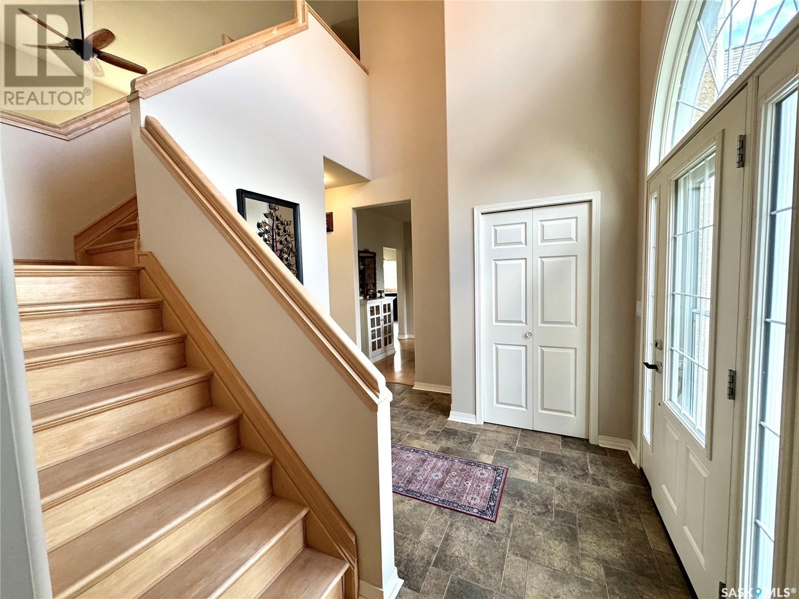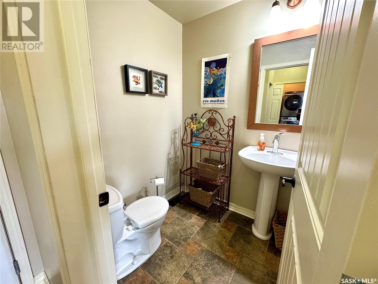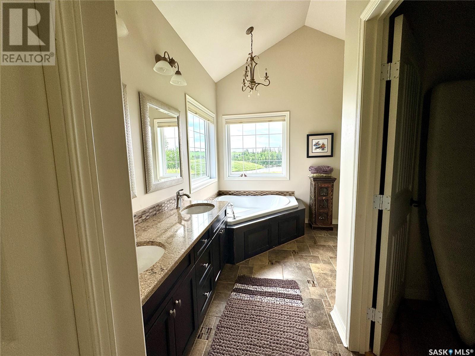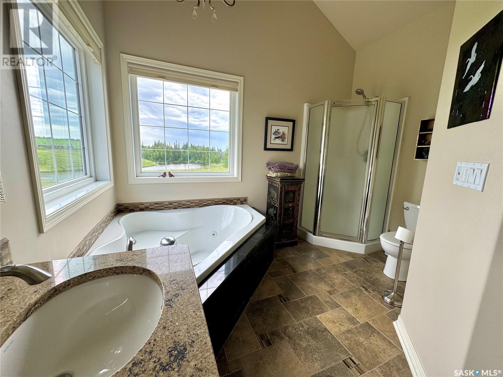 Set in the corner of a cul de sac up on the hill in Turtleford, this property is arguably the best in town with almost an acre of land and an amazing view of water and hills with a feeling of privacy while still being close to everything you need. The 1845 sq ft home, not including the walkout basement, is well built with an ICF foundation, an attached two car garage, a generac generator, hardwood and tile floors throughout the main and second floors, a gas stove, water softener, gas fireplace, air to air exchange and so much more. The entry and living area feel spacious with 18’ vaulted ceilings and tons of natural light from the many windows. On the main floor is a master suite including a large bathroom with a jet tub and a corner shower, a double sink vanity with solid countertops and a walk in closet. There’s a room just off the master suite that would be perfect for an office, music or sitting room. Entering from the garage you’ll find a laundry room and a half bath. The kitchen, dining room and living room are open with a separate formal dining room. Enjoy your morning coffee and watch the sun rise from the deck which has a natural gas bbq. On the second floor there are two bedrooms and a 4 piece bathroom. The walkout basement is spacious at over 1400 sq ft, with patio doors and large windows, and the plumbing is roughed in for a bathroom so you can finish it however you’d like. The outside space is beautifully treed with many shrubs and perennials to enjoy. Most furniture/ contents are negotiable. This unique and gorgeous property is a must see! Call today for your private showing. (id:43042)
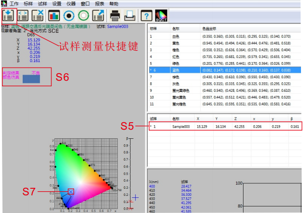 將測試樣品放在HRC68測量口徑上,貼緊,鼠標(biāo)點擊試樣測試快捷工具,如圖13所示。大約1.5秒時間,完成測試,測試數(shù)據(jù)如圖13中S5所示,在色品坐圖中的位置如S7所示,仿真及判定結(jié)果如S6部分所示。
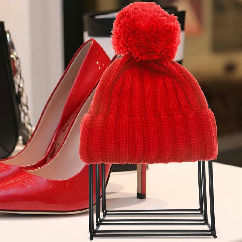 2Pcs Black Metal Hat Display Stand for Woolen, Beanies, Baseball Caps, and Berets - Space-Saving Hat Organizer Rack with Anti-Deformation Design for Closet or Counter

## INSTRUCTIONS TO FOLLOW
Only the lines from the one containing "將測試樣品放在HRC68測量" to the end of the listing belong in the answer, exactly as they stand and with no pictures.

## FINAL ANSWER
 將測試樣品放在HRC68測量口徑上,貼緊,鼠標(biāo)點擊試樣測試快捷工具,如圖13所示。大約1.5秒時間,完成測試,測試數(shù)據(jù)如圖13中S5所示,在色品坐圖中的位置如S7所示,仿真及判定結(jié)果如S6部分所示。
 2Pcs Black Metal Hat Display Stand for Woolen, Beanies, Baseball Caps, and Berets - Space-Saving Hat Organizer Rack with Anti-Deformation Design for Closet or Counter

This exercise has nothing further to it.